EXERCISE GOAL: Print the whole listing exactly as it appears, but skip the pictures.

RECORDED INFORMATION:

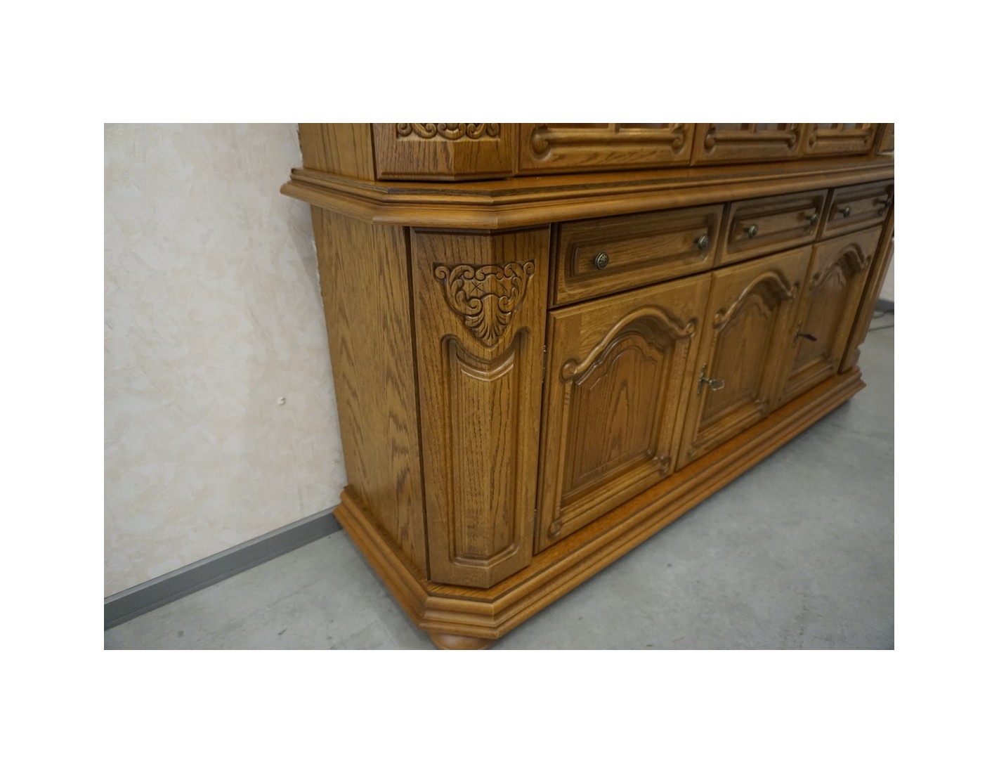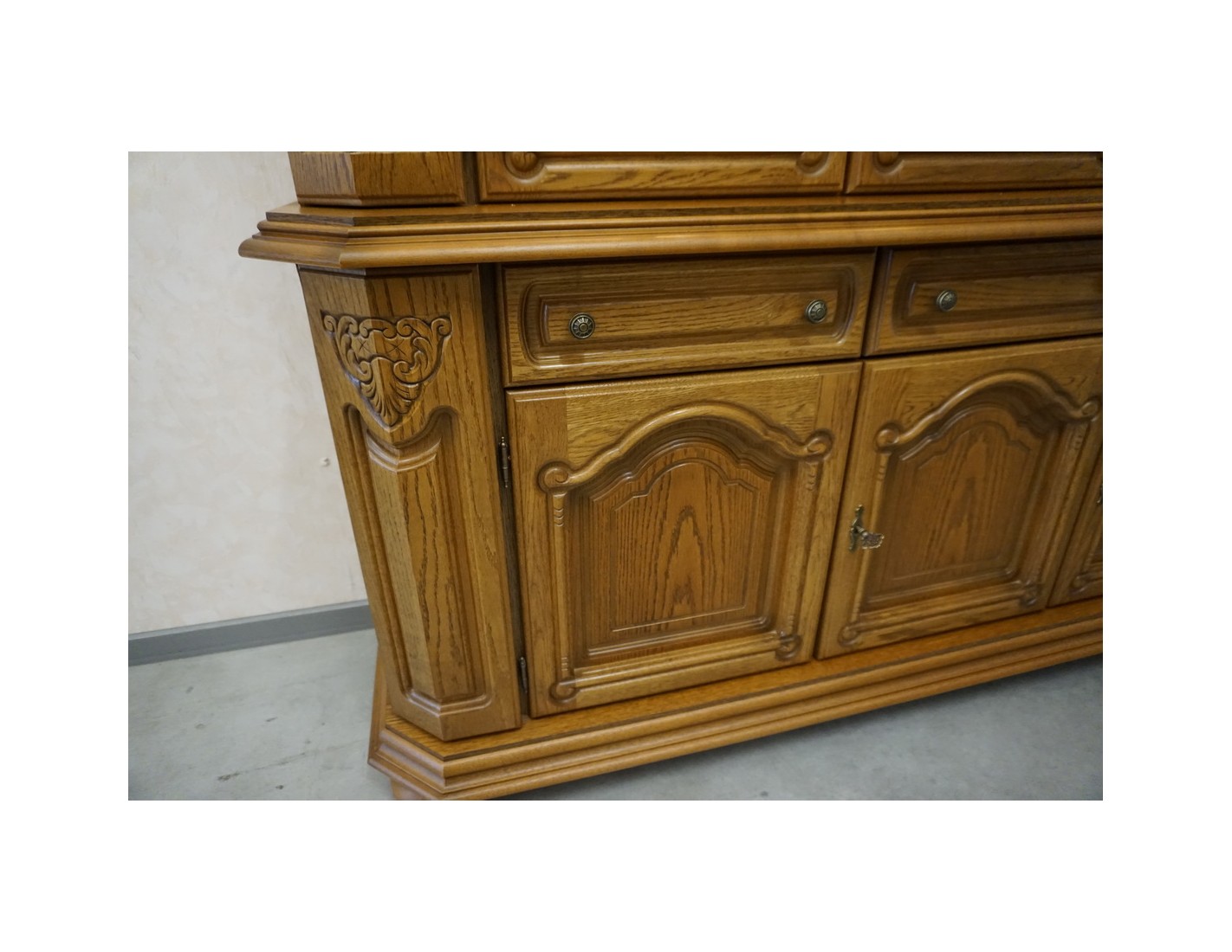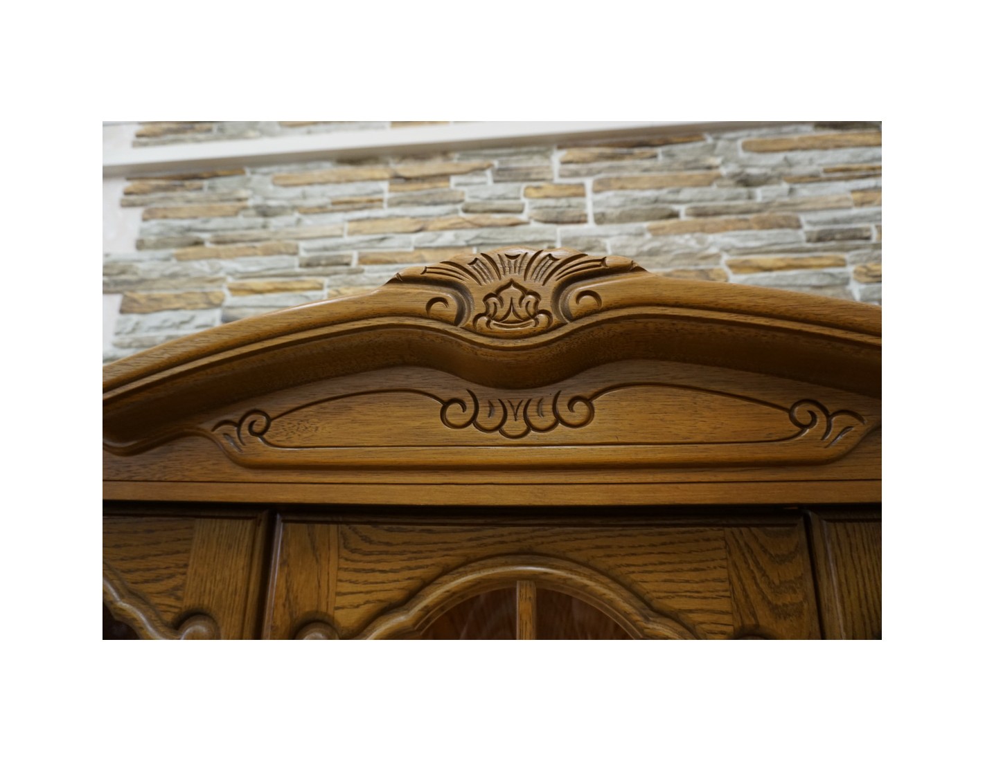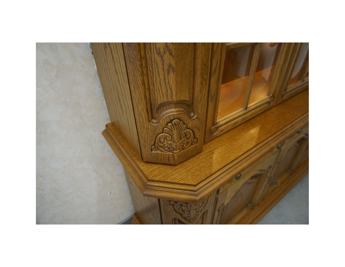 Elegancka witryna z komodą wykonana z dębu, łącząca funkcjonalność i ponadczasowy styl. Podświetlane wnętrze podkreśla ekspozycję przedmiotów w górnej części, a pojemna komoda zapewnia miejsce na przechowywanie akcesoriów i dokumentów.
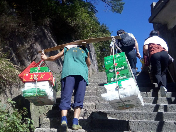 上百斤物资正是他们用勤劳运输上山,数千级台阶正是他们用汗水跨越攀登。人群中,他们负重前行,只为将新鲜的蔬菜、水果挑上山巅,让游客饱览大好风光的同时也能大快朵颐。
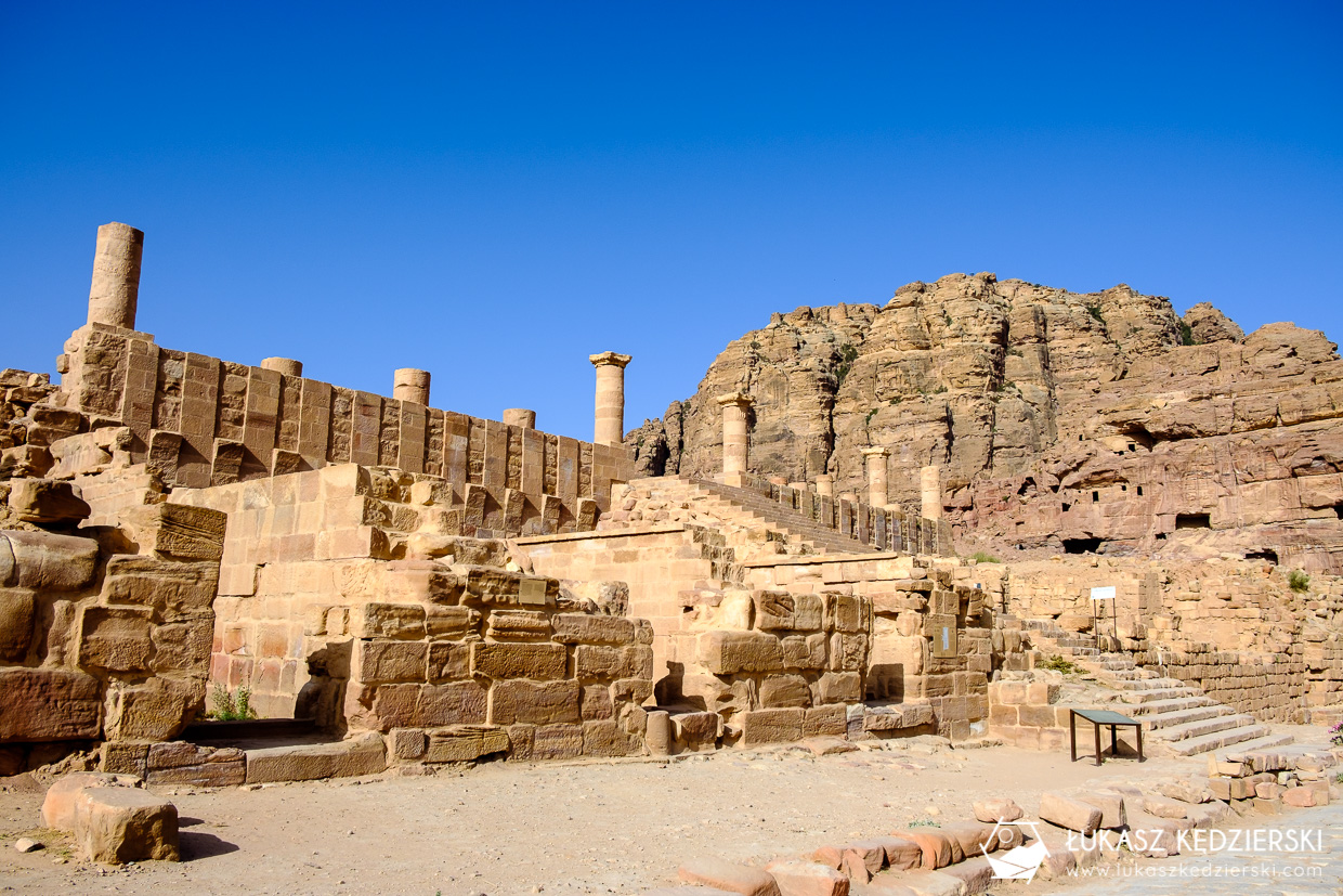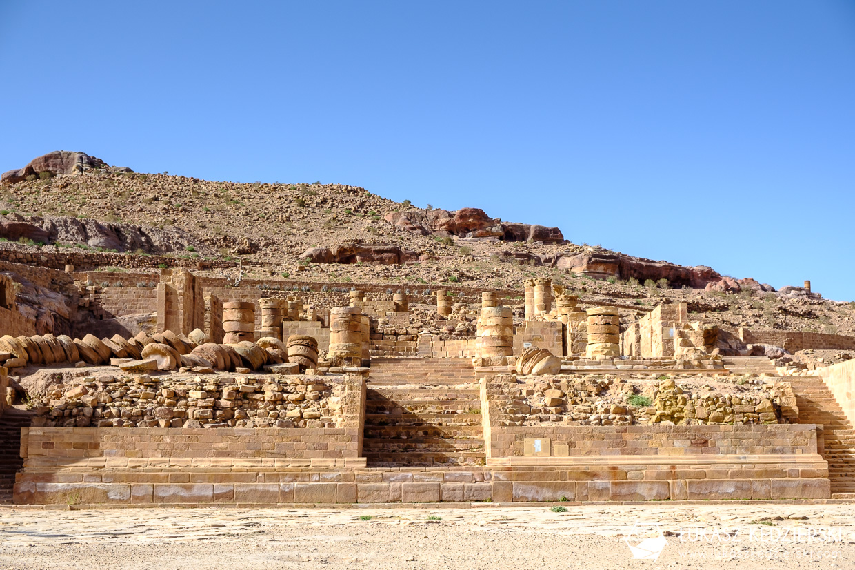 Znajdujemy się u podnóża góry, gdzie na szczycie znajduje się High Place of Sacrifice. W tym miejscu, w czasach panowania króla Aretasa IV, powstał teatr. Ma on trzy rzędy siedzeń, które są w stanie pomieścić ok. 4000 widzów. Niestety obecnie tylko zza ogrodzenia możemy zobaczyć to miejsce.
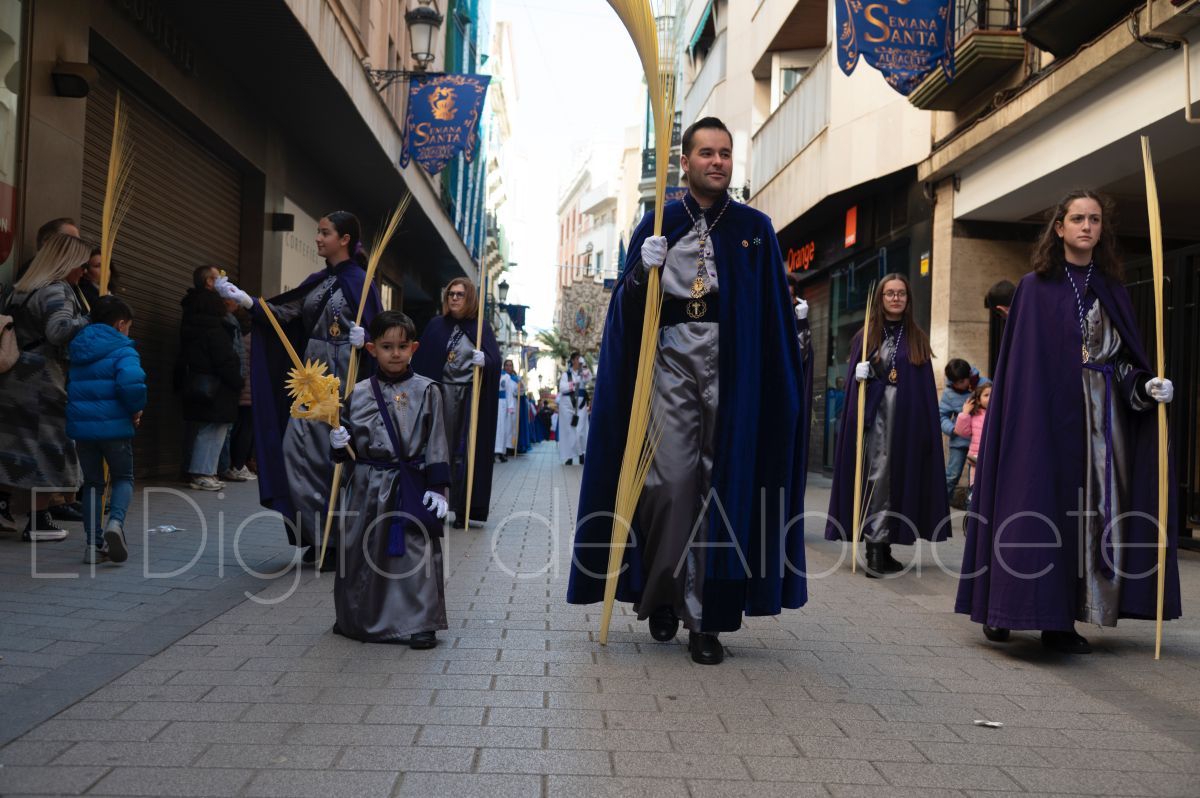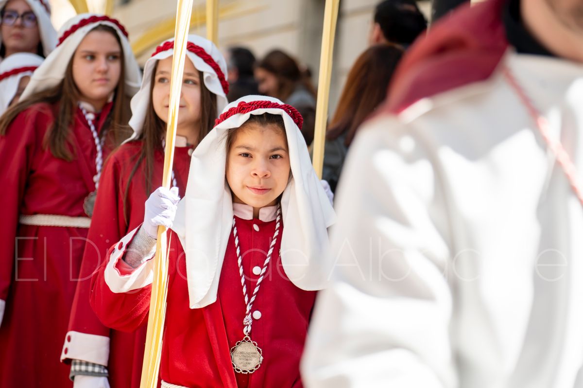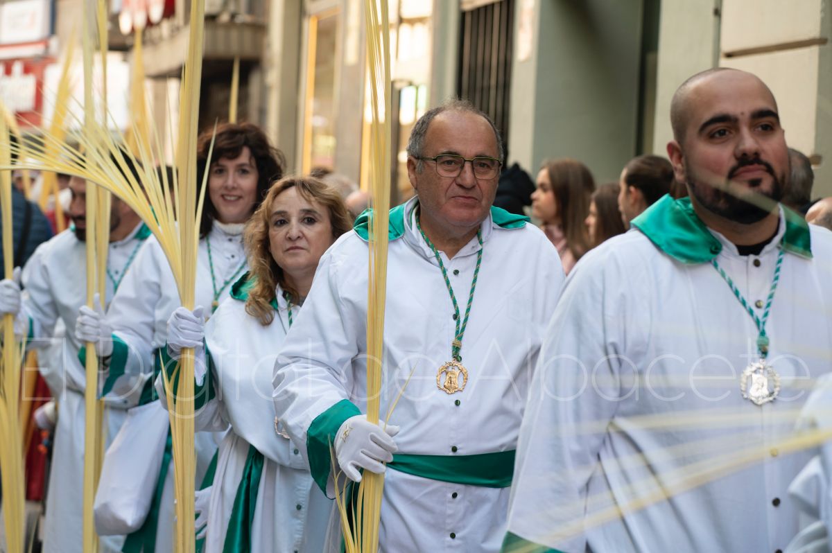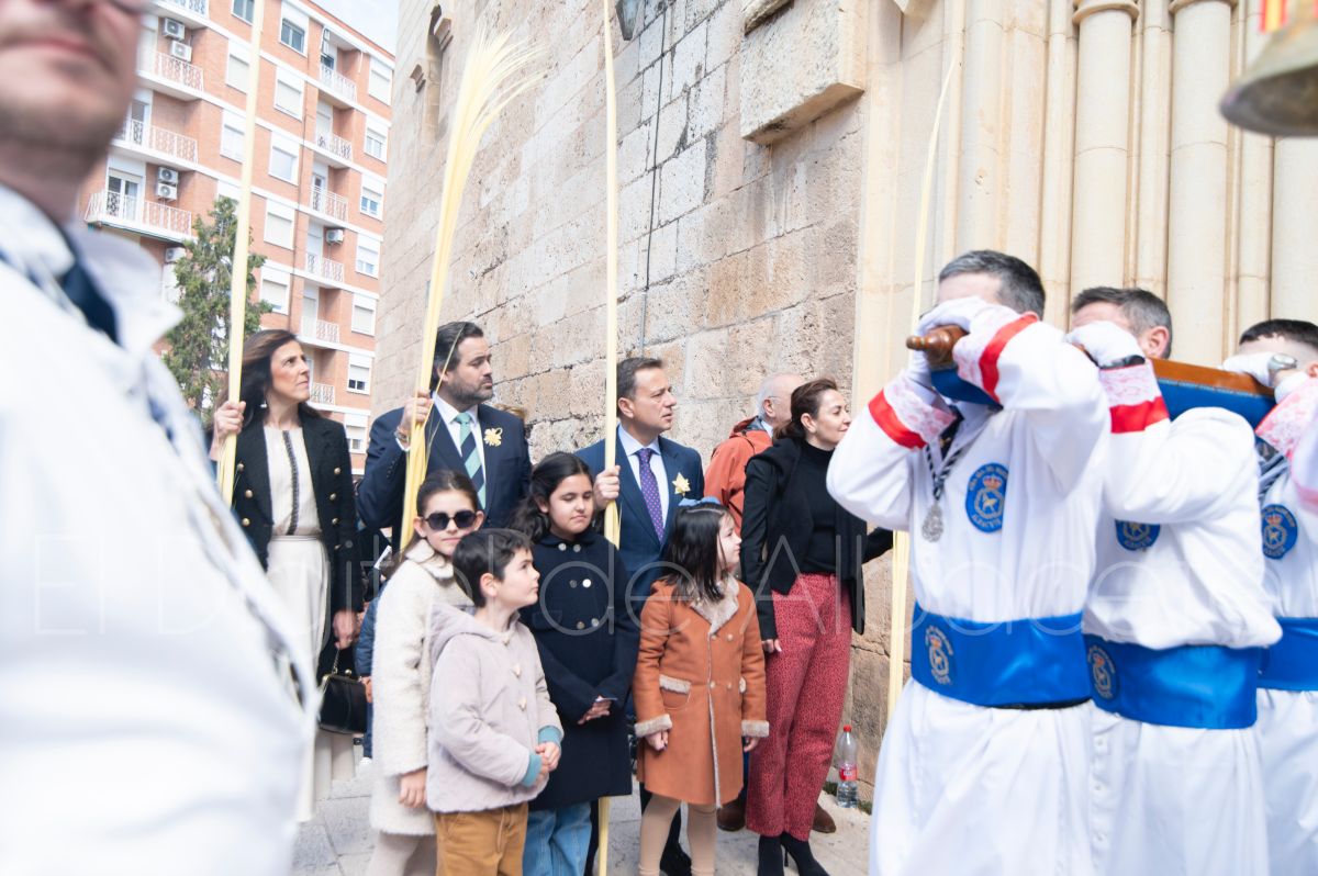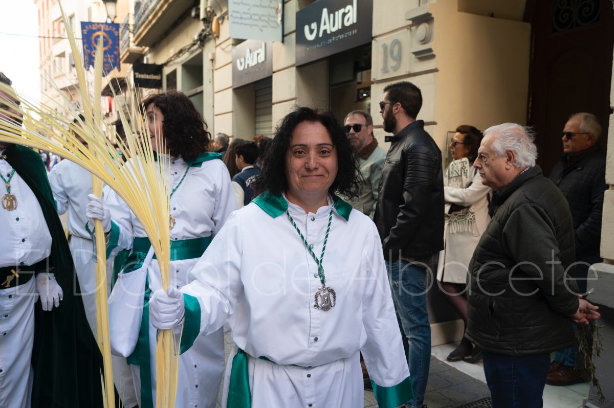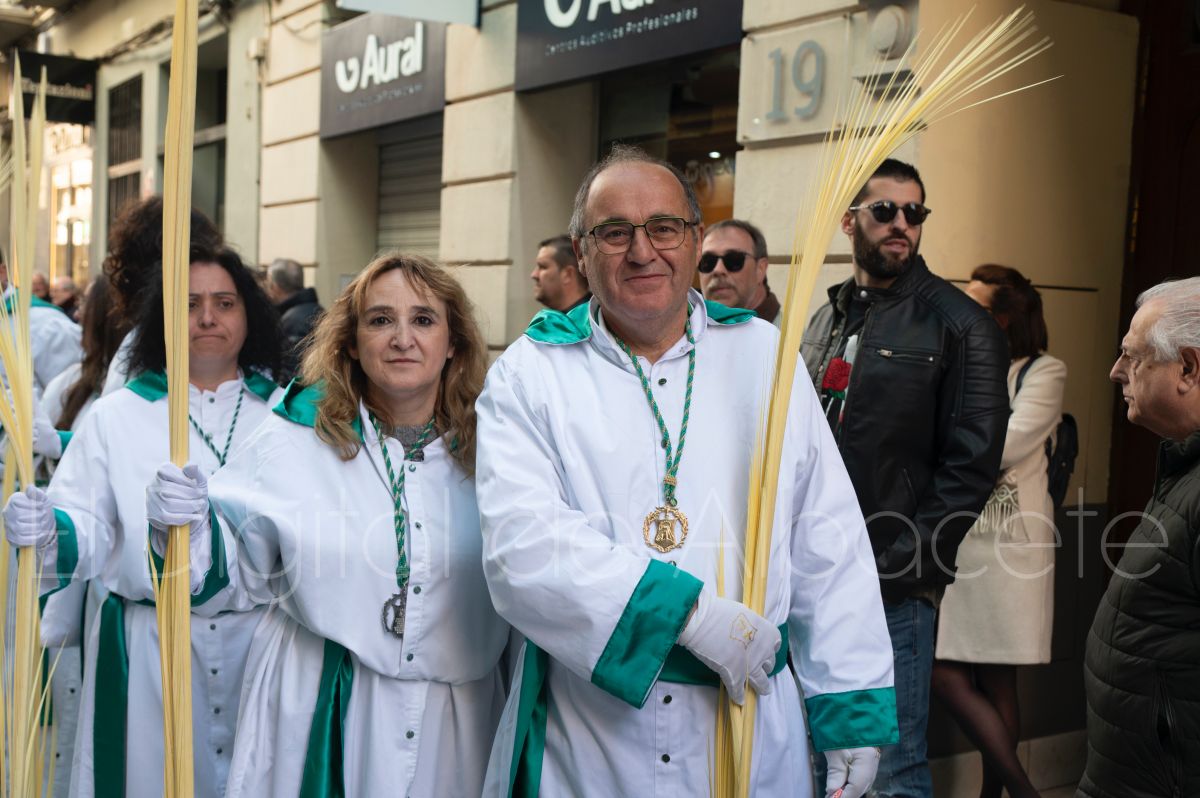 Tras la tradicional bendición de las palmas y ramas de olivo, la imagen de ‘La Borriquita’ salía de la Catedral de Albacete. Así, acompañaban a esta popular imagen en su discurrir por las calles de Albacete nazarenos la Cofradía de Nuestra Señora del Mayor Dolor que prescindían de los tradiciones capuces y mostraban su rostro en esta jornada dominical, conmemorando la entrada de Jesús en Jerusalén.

ANSWER SECTION:
 Elegancka witryna z komodą wykonana z dębu, łącząca funkcjonalność i ponadczasowy styl. Podświetlane wnętrze podkreśla ekspozycję przedmiotów w górnej części, a pojemna komoda zapewnia miejsce na przechowywanie akcesoriów i dokumentów.
 上百斤物资正是他们用勤劳运输上山,数千级台阶正是他们用汗水跨越攀登。人群中,他们负重前行,只为将新鲜的蔬菜、水果挑上山巅,让游客饱览大好风光的同时也能大快朵颐。
 Znajdujemy się u podnóża góry, gdzie na szczycie znajduje się High Place of Sacrifice. W tym miejscu, w czasach panowania króla Aretasa IV, powstał teatr. Ma on trzy rzędy siedzeń, które są w stanie pomieścić ok. 4000 widzów. Niestety obecnie tylko zza ogrodzenia możemy zobaczyć to miejsce.
 Tras la tradicional bendición de las palmas y ramas de olivo, la imagen de ‘La Borriquita’ salía de la Catedral de Albacete. Así, acompañaban a esta popular imagen en su discurrir por las calles de Albacete nazarenos la Cofradía de Nuestra Señora del Mayor Dolor que prescindían de los tradiciones capuces y mostraban su rostro en esta jornada dominical, conmemorando la entrada de Jesús en Jerusalén.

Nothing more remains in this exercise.